The Spitfire replica in its new home.  Its painted in the markings  of an aircraft of 72 Squadron, based on a well-known colour photo shot in 1941. Records indicate this Spitfire (serial P7895) served with several units, and was struck off charge in March, 1945.  In a later unfortunate conflict, 72 Sqn - this time with Wessex helicopters - served many years in Northern Ireland.   They have one of those 72 Sqn helicopters in their collection.

The Spitfire replica in its new home. Its painted in the markings of an aircraft of 72 Squadron, based on a well-known colour photo shot in 1941. Records indicate this Spitfire (serial P7895) served with several units, and was struck off charge in March, 1945. In a later unfortunate conflict, 72 Sqn - this time with Wessex helicopters - served many years in Northern Ireland. They have one of those 72 Sqn helicopters in their collection.

An icon of British aviation history, known for its speed and agility, has arrived in equally rapid fashion at its new home on the edge of Lisburn.

It’s a Spitfire Mark II, a stalwart hero of the Battle of Britain, and the new pride and joy of the Ulster Aviation Society.

Actually, it’s a full-size, very accurate replica of a Spitfire fighter, built from fibreglass by a specialised English firm.

“We’re very excited about this,” said Ray Burrows, chairman of the Society. “The indications are that it will be a very popular attraction.”

The Society has been angling for four months for a reproduction Spitfire. It was a fighter aeroplane which was based at various times during World War 2 at several Royal Air Force bases in Northern Ireland.

Pilots trained and patrolled from Aldergrove, Eglinton, Ballyhalbert and Long Kesh — the last location being the home of the Ulster Aviation Society.

The organisation, founded in 1968, boasts a collection of 20 machines, the largest assemblage of historic aircraft in all of Ireland.

Thousands of people have visited the Society’s hangar in recent years, either through group tours or on occasional Open Days, and the majority of those visitors have been from the Lisburn area.

A large percentage of Society members are also from the area — many dropping in regularly to assist with aircraft restoration and preservation.

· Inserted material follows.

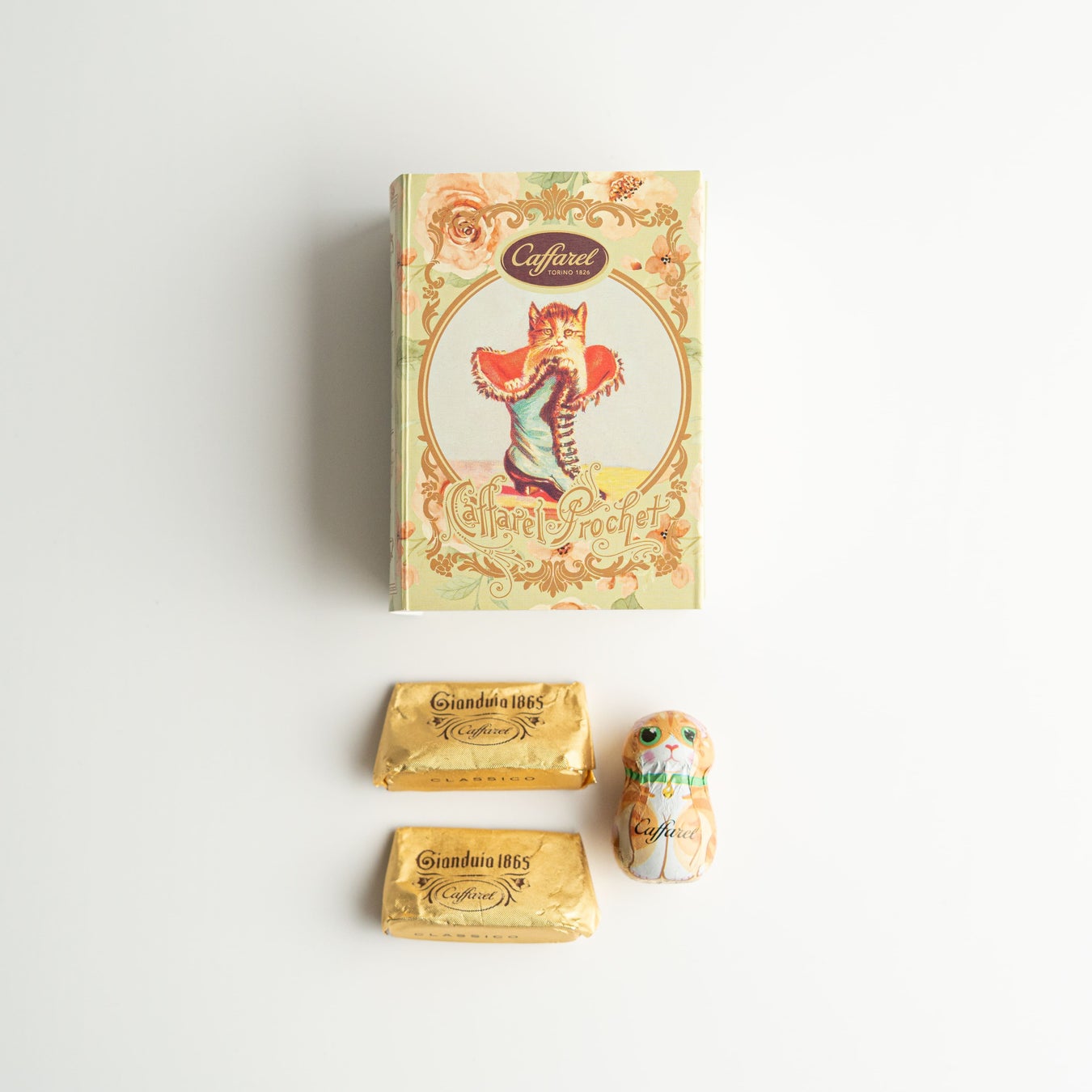 詳細:人気の高い長靴の猫が表紙に描かれたブック型プチギフト。高級感あるデザインで、ちょっとしたギフトに最適です。中にはカファレル人気のジャンドゥーヤをはじめ、キュートなねこのホイルチョコレートなど全3粒をアソート。

The Society hopes the presence of the replica Spitfire will stir the local interest even more, to the point where the whole community is proud of a unique facility on its way to becoming a full-fledged museum.

The cost of an actual, flying Spitfire, can be upwards of £1.7 million because they are a relatively rare aircraft. But that kind of price is far beyond the financial resources of the 370 Society members, said Mr Burrows.

However, a small number of replica Spitfire have reached the market in recent years, and the builders have taken extreme care to ensure that the full-scale airframes are exact in every detail.

Mr Burrows explained that the Society’s original plan was to mount an 18-month public campaign early this year to raise £85,000 — the price from one builder of a single replica.

“But this aircraft came on the market in December at a fraction of that £85,000 price,” said Mr. Burrows. “It was just too good an opportunity to miss, and the guy who was selling it wanted it to come here.

“This aircraft was basically looked at, purchased, delivered and assembled here in three days — which is a record, even for the Society.”

The aircraft is a precise (but non-flying) copy of the type of aircraft purchased through the famous Belfast Telegraph Spitfire Fund of 1940 during the Battle of Britain.

The newspaper’s aim was to raise £5,000 through public donations — the price of a Spitfire at the time.

“The Telegraph in fact raised £85,000 and the fund was able to buy 17 Spitfires,” said Mr. Burrows. “Not only was that excellent; it was the best newspaper fund-raiser throughout World War Two.”

Thousands of people, as well as businesses, schools, unions, churches, social and sports organisations took part in the campaign.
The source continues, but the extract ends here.